[Opening Data in this exercise section]
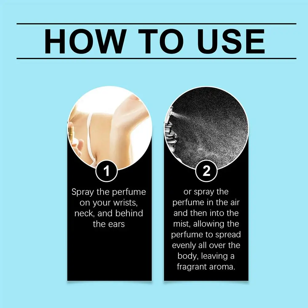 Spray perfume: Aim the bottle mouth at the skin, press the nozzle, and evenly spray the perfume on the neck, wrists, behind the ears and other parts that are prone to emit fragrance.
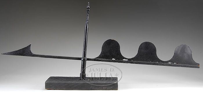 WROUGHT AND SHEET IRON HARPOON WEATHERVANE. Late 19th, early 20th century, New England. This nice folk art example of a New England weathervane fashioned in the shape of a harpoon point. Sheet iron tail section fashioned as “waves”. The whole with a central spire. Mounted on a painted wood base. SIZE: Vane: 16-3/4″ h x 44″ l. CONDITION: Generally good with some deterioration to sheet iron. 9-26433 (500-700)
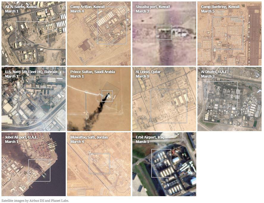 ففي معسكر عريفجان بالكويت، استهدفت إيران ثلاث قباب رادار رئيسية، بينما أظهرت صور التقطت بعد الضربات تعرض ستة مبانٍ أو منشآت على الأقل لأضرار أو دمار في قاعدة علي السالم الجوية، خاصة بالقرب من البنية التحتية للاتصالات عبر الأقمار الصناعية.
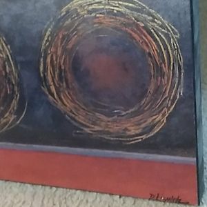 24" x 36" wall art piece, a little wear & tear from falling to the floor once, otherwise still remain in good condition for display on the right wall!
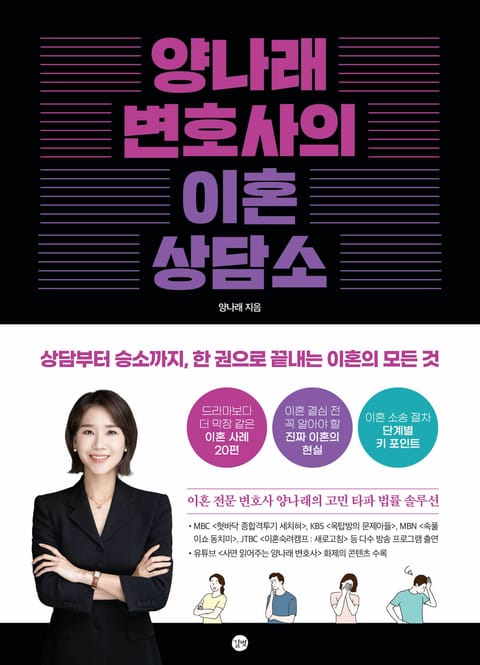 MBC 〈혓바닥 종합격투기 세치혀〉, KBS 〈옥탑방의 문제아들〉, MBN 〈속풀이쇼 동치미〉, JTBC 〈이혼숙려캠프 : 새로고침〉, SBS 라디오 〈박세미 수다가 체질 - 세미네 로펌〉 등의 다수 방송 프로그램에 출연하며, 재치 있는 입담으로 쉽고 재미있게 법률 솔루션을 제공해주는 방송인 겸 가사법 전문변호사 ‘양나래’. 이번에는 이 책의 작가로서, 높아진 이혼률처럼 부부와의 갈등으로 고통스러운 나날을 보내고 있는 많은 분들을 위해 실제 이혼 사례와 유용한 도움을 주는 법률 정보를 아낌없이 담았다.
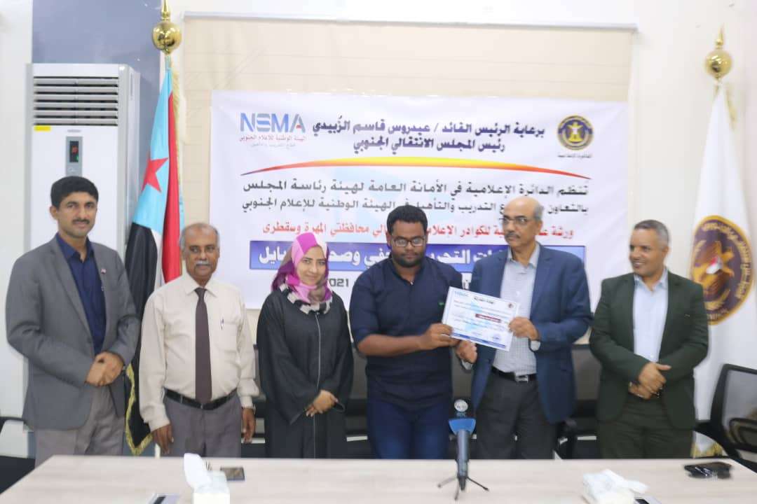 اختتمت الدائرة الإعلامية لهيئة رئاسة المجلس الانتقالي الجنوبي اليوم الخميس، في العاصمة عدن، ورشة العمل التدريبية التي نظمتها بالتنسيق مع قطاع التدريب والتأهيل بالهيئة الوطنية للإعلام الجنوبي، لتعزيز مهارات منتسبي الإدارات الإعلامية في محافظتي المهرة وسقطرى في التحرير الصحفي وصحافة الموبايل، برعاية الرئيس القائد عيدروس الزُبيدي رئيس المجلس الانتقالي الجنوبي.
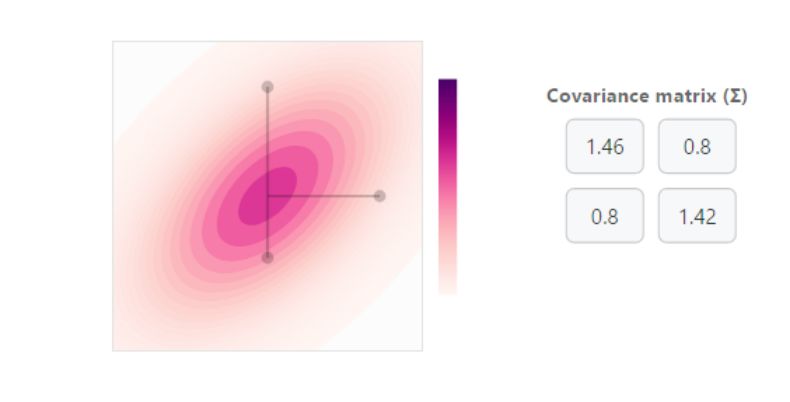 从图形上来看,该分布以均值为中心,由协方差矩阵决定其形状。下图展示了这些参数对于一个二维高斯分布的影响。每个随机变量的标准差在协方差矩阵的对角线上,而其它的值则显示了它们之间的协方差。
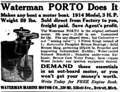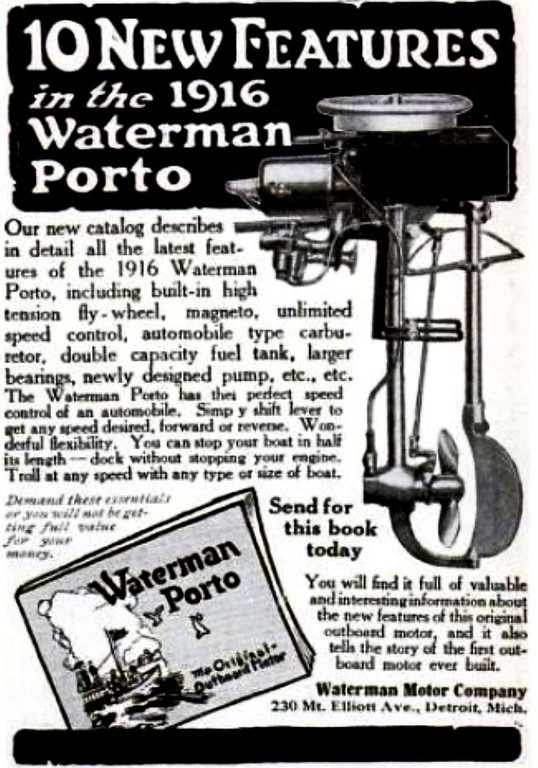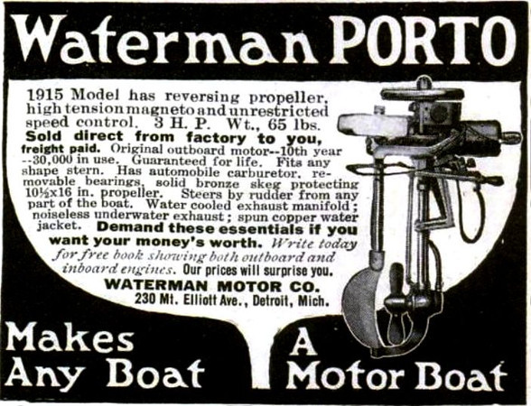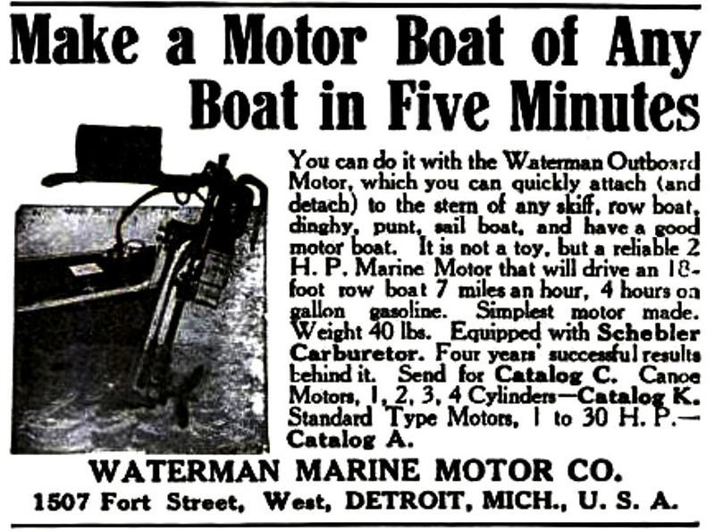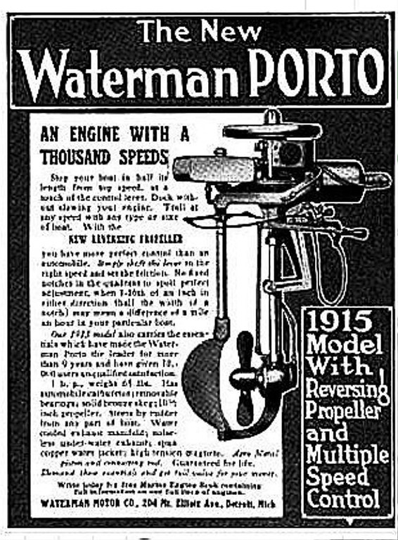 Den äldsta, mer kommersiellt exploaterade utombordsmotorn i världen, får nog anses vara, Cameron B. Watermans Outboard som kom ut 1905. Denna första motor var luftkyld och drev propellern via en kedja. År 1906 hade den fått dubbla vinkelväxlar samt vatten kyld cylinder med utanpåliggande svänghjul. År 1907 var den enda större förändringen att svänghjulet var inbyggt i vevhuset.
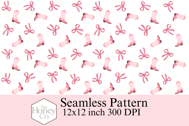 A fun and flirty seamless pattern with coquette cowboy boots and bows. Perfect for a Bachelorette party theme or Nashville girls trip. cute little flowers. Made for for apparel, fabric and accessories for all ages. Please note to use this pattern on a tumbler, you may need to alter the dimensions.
[Closing Data in this exercise section]
• Exercise brief: Print out the entries once more, unchanged. No pictures.

• Response to this exercise:
 Spray perfume: Aim the bottle mouth at the skin, press the nozzle, and evenly spray the perfume on the neck, wrists, behind the ears and other parts that are prone to emit fragrance.
 WROUGHT AND SHEET IRON HARPOON WEATHERVANE. Late 19th, early 20th century, New England. This nice folk art example of a New England weathervane fashioned in the shape of a harpoon point. Sheet iron tail section fashioned as “waves”. The whole with a central spire. Mounted on a painted wood base. SIZE: Vane: 16-3/4″ h x 44″ l. CONDITION: Generally good with some deterioration to sheet iron. 9-26433 (500-700)
 ففي معسكر عريفجان بالكويت، استهدفت إيران ثلاث قباب رادار رئيسية، بينما أظهرت صور التقطت بعد الضربات تعرض ستة مبانٍ أو منشآت على الأقل لأضرار أو دمار في قاعدة علي السالم الجوية، خاصة بالقرب من البنية التحتية للاتصالات عبر الأقمار الصناعية.
 24" x 36" wall art piece, a little wear & tear from falling to the floor once, otherwise still remain in good condition for display on the right wall!
 MBC 〈혓바닥 종합격투기 세치혀〉, KBS 〈옥탑방의 문제아들〉, MBN 〈속풀이쇼 동치미〉, JTBC 〈이혼숙려캠프 : 새로고침〉, SBS 라디오 〈박세미 수다가 체질 - 세미네 로펌〉 등의 다수 방송 프로그램에 출연하며, 재치 있는 입담으로 쉽고 재미있게 법률 솔루션을 제공해주는 방송인 겸 가사법 전문변호사 ‘양나래’. 이번에는 이 책의 작가로서, 높아진 이혼률처럼 부부와의 갈등으로 고통스러운 나날을 보내고 있는 많은 분들을 위해 실제 이혼 사례와 유용한 도움을 주는 법률 정보를 아낌없이 담았다.
 اختتمت الدائرة الإعلامية لهيئة رئاسة المجلس الانتقالي الجنوبي اليوم الخميس، في العاصمة عدن، ورشة العمل التدريبية التي نظمتها بالتنسيق مع قطاع التدريب والتأهيل بالهيئة الوطنية للإعلام الجنوبي، لتعزيز مهارات منتسبي الإدارات الإعلامية في محافظتي المهرة وسقطرى في التحرير الصحفي وصحافة الموبايل، برعاية الرئيس القائد عيدروس الزُبيدي رئيس المجلس الانتقالي الجنوبي.
 从图形上来看,该分布以均值为中心,由协方差矩阵决定其形状。下图展示了这些参数对于一个二维高斯分布的影响。每个随机变量的标准差在协方差矩阵的对角线上,而其它的值则显示了它们之间的协方差。
 Den äldsta, mer kommersiellt exploaterade utombordsmotorn i världen, får nog anses vara, Cameron B. Watermans Outboard som kom ut 1905. Denna första motor var luftkyld och drev propellern via en kedja. År 1906 hade den fått dubbla vinkelväxlar samt vatten kyld cylinder med utanpåliggande svänghjul. År 1907 var den enda större förändringen att svänghjulet var inbyggt i vevhuset.
 A fun and flirty seamless pattern with coquette cowboy boots and bows. Perfect for a Bachelorette party theme or Nashville girls trip. cute little flowers. Made for for apparel, fabric and accessories for all ages. Please note to use this pattern on a tumbler, you may need to alter the dimensions.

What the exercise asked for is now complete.